Pitirim Sorokin on the Altruization of Humanity

Barry V. Johnston:

"Sorokin saw before us a period of increased conflicts, revolutions, and wars. A major change in our values and understanding of the world was necessary to survive and progress. Accordingly, his research focused on the transition and he published: "A Neglected Factor of War" (1938), The Crisis of Our Age (1941), Man and Society in Calamity (1942), "The Causes and Factors of War" (1942), and "The Conditions and Prospects of a World Without War" (1944).

In The Crisis of Our Age, Sorokin asked what could be done about our situation. The remedy "demands a fundamental transformation of our system of values, and the profoundest modification of our conduct toward other men, cultural values and the world at large" (Sorokin 1941, 321). The new mentality must involve an Integral synthesis that fuses the truth of reason, faith, and science. A new Integral value system that treats truth, goodness, and beauty as integrated absolutes is essential for the new age (Sorokin 1941, 317). The Integral transformation of worldview and values is insufficient, however, unless it becomes part of human action, social relationships, and social organization. Sorokin was unsure how this might happen. He simply suggested replacing "the present compulsory and contractual relationships with purer and more godly familistic relationships" (Sorokin 1941, 320). While Crisis lacks a satisfying solution to current problems, Integralism becomes more developed as the strategy.

Sorokin continued to seek a solution in Man and Society in Calamity. This work explored the effects of hunger, disease, and war on mind, behavior, and social organization. Again, Sorokin had no satisfying remedies but found a promising direction (Sorokin 1942b, 296-307). To resolve our crisis we must develop an Integral culture.
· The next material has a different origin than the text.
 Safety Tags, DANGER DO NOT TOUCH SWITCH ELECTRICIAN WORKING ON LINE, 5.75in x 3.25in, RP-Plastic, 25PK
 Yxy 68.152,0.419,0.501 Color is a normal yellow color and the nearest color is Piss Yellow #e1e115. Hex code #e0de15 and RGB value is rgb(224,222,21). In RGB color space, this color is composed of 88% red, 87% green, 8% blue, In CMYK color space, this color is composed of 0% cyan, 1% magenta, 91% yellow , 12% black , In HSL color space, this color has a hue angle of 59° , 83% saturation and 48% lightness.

To do this we must transform Integral knowledge and values into personal and collective action. The mechanism for such a transformation was altruism. Sorokin argued that all other solutions were inadequate:

- None of the prevalent prescriptions against international and civil wars can eliminate or notably decrease these conflicts. By these popular prescriptions I mean, first, elimination of wars and strife by political changes, especially by democratic political transformations. Tomorrow the whole world could become democratic, and yet wars and blood strife would not be eliminated because democracies happen to be no less belligerent and strife-infected than autocracies. The same goes for education in its present form as a panacea. Tomorrow all grown-up persons in the world could become Ph.D. 's, and yet this enormous progress in education would not eliminate wars and bloody conflicts. Since the tenth century, education has made enormous progress and yet the international wars, the bloody revolutions, and the grave forms of crimes have not decreased. On the contrary, in the most scientific and most educated twentieth century they have reached an unrivaled height and made this century the bloodiest among all the preceding twenty-five centuries of Graeco-Roman and European history. The same goes for religious changes ... if by religious revival and moral rearmament are meant only ideological and speech-reactional transformation. The same goes for Communist, Socialist, or Capitalist economic remedies, when these are not backed by increased altruization of persons and groups. Without a notable increase of unselfish, creative love (as ideally formulated in the Sermon on the Mount) in overt behavior, in overt interindividual and intergroup relationships, in social institutions and culture, there is no chance for a lasting peace and for interhuman harmony, internal or external (Sorokin 1942b, 271-73)."

The solution to the crisis is the altruization of humanity."